Grasset is closely attached to Fenelon. Wallbridge sees a lot of potential for gold at Grasset. For Wallbridge to sell Grasset or do any kind of deals with anyone, you have to look at two different groups. One would be the major companies, another would be the junior companies.
At Grasset, there is 5.5 Mt of very good nickel grade but this is not something that the majors are interested in purchasing. In terms of a joint venture, there hasn’t been as much interest, particularly because of the asset’s location.
There are a lot of interested parties from the junior side. But, at the end of the day, Wallbridge doesn’t want to end up as the largest shareholder of any junior company because, obviously, they’re not going to be able to pay the cash to use towards the exploration program at Fenelon.
Until now, Wallbridge has not seen enough credible groups that can actually get more value for it than simply holding onto it until it does something better with it. The material is not rotting, it’s still in the ground, and it’s still there. A value proposition will eventually manifest.
In terms of the copper-nickel-PGM assets in Sudbury, it’s always been two joint ventures with Lonmin Canada and Stillwater. Wallbridge is working with them to unencumber those joint ventures in order to extract value.

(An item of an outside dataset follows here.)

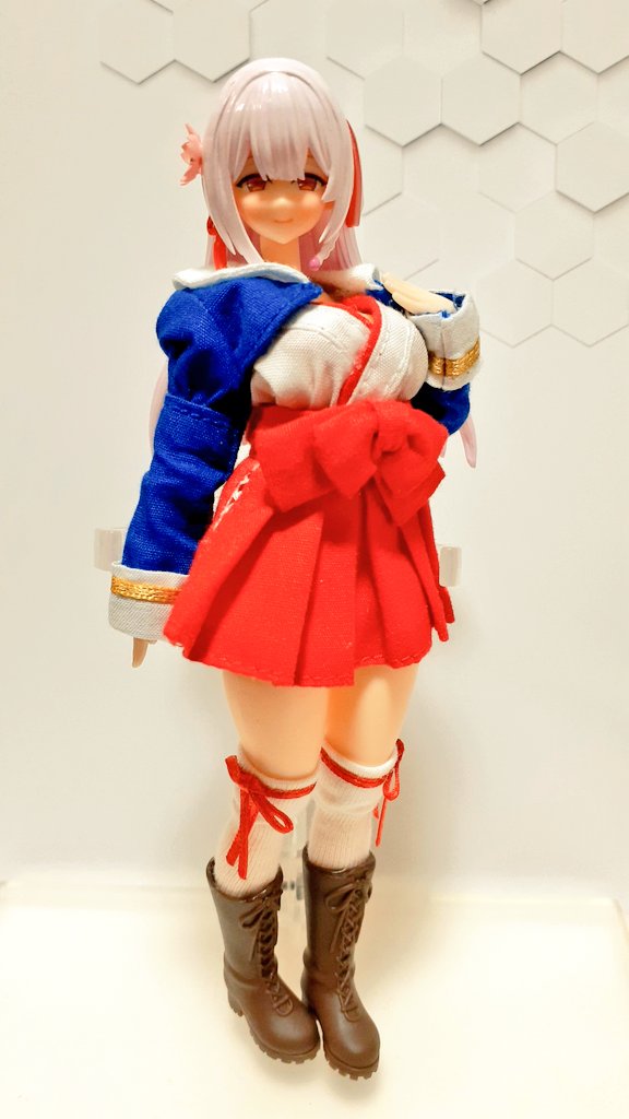 #アサルトリリィ #アサルトリリィドール部 ACT-kNife(@heppoco_seijin )さんの 船田初さまの完成。 専用衣装が入手出来なかったので 御台場制服とミニ巫女服を組み合わせて自作。 次はチャームか… ※他にも写真あります↓

Wallbridge is not going to spend a dollar on exploration for nickel, copper, or PGM. Its focus is on gold.
Summary Thoughts for Investors
Investors should look to additional press releases in 2022 updating the drilling results as they come in. Gold has been out of favor over the past few months. Wallbridge sees 2022 to be a better year in terms of the gold environment. The fact that the company will be sitting with CAD $40M in the treasury is a very flexible advantage that it will have over some of its competitors.
Kord intends to improve his communication efforts as well. At some point, the company will need to raise money, but it intends to do that as responsibly as it can. That’s what is needed to unlock value at its gold assets.